Shortcuts

Plugins

Plugins allow custom integrations to the internals of the Trainer such as custom precision, checkpointing or cluster environment implementation.

Under the hood, the Lightning Trainer is using plugins in the training routine, added automatically depending on the provided Trainer arguments.

There are three types of Plugins in Lightning with different responsibilities:

  • Precision Plugins

  • CheckpointIO Plugins

  • Cluster Environments

You can make the Trainer use one or multiple plugins by adding it to the plugins argument like so:

trainer = Trainer(plugins=[plugin1, plugin2, ...])

By default, the plugins get selected based on the rest of the Trainer settings such as the strategy.


Precision Plugins

We provide precision plugins for you to benefit from numerical representations with lower precision than 32-bit floating-point or higher precision, such as 64-bit floating-point.

# Training with 16-bit precision
trainer = Trainer(precision=16)

The full list of built-in precision plugins is listed below.

ColossalAIPrecisionPlugin

Precision plugin for ColossalAI integration.

DeepSpeedPrecisionPlugin

Precision plugin for DeepSpeed integration.

DoublePrecisionPlugin

Plugin for training with double (torch.float64) precision.

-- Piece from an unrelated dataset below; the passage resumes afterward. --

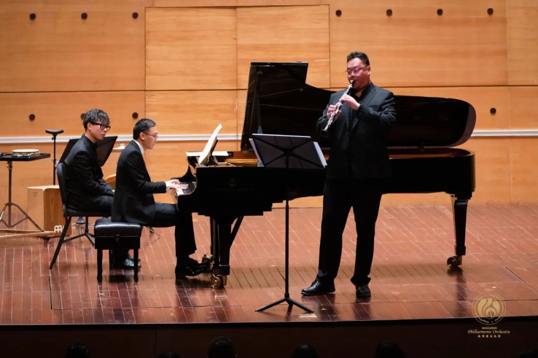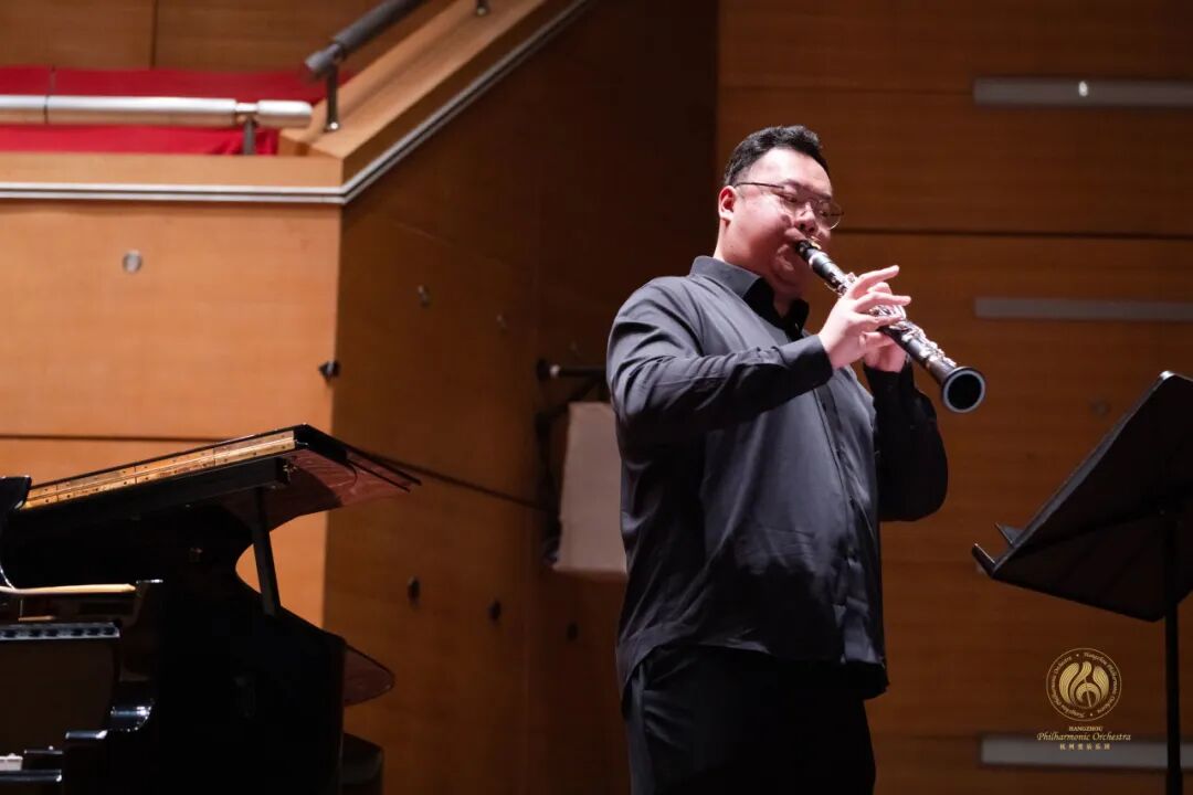 随后,单簧管副首席孙寅登场,与郝博同台演绎四首二重奏作品,这已是他们第二次在春节期间为市民带来 “新春欢乐送” 普及音乐会。当熟悉的作品响起,《如愿》的悠扬曲调率先触动观众的心弦,紧接着《灯火里的中国》的旋律在音乐厅中流淌。现场,观众们打开手机电筒,点点微光汇聚,共同打造出属于今晚的 “灯火里的中国”。在这温馨而浪漫的氛围里,大家沉浸其中,内心的情感被充分唤起,与台上的演奏者们一同沉浸在迎接乙巳蛇年到来的喜悦之中。

FullyShardedNativeMixedPrecisionPlugin

Native AMP for Fully Sharded Training.

FullyShardedNativeNativeMixedPrecisionPlugin

Native AMP for Fully Sharded Native Training.

HPUPrecisionPlugin

Plugin that enables bfloat/half support on HPUs.

IPUPrecisionPlugin

Precision plugin for IPU integration.

MixedPrecisionPlugin

Plugin for Automatic Mixed Precision (AMP) training with torch.autocast.

PrecisionPlugin

Base class for all plugins handling the precision-specific parts of the training.

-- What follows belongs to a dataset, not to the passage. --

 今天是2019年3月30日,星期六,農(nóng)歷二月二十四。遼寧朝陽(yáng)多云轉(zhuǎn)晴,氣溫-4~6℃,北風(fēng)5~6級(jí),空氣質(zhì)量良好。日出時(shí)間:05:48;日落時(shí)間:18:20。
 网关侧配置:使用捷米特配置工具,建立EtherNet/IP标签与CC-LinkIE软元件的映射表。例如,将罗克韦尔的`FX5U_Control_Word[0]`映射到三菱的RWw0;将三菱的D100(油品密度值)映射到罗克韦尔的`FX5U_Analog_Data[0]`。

ShardedNativeMixedPrecisionPlugin

Native AMP for Sharded Training.

TPUBf16PrecisionPlugin

Plugin that enables bfloats on TPUs.

TPUPrecisionPlugin

Precision plugin for TPU integration.

More information regarding precision with Lightning can be found here


CheckpointIO Plugins

As part of our commitment to extensibility, we have abstracted Lightning’s checkpointing logic into the CheckpointIO plugin. With this, you have the ability to customize the checkpointing logic to match the needs of your infrastructure.

Below is a list of built-in plugins for checkpointing.

AsyncCheckpointIO

AsyncCheckpointIO enables saving the checkpoints asynchronously in a thread.

CheckpointIO

Interface to save/load checkpoints as they are saved through the Strategy.

HPUCheckpointIO

CheckpointIO to save checkpoints for HPU training strategies.

TorchCheckpointIO

CheckpointIO that utilizes torch.save() and torch.load() to save and load checkpoints respectively, common for most use cases.

XLACheckpointIO

CheckpointIO that utilizes xm.save() to save checkpoints for TPU training strategies.

Learn more about custom checkpointing with Lightning here.


Cluster Environments

You can define the interface of your own cluster environment based on the requirements of your infrastructure.

ClusterEnvironment

Specification of a cluster environment.

KubeflowEnvironment

Environment for distributed training using the PyTorchJob operator from Kubeflow

LightningEnvironment

The default environment used by Lightning for a single node or free cluster (not managed).

LSFEnvironment

An environment for running on clusters managed by the LSF resource manager.

SLURMEnvironment

Cluster environment for training on a cluster managed by SLURM.

TorchElasticEnvironment

Environment for fault-tolerant and elastic training with torchelastic

XLAEnvironment

Cluster environment for training on a TPU Pod with the PyTorch/XLA library.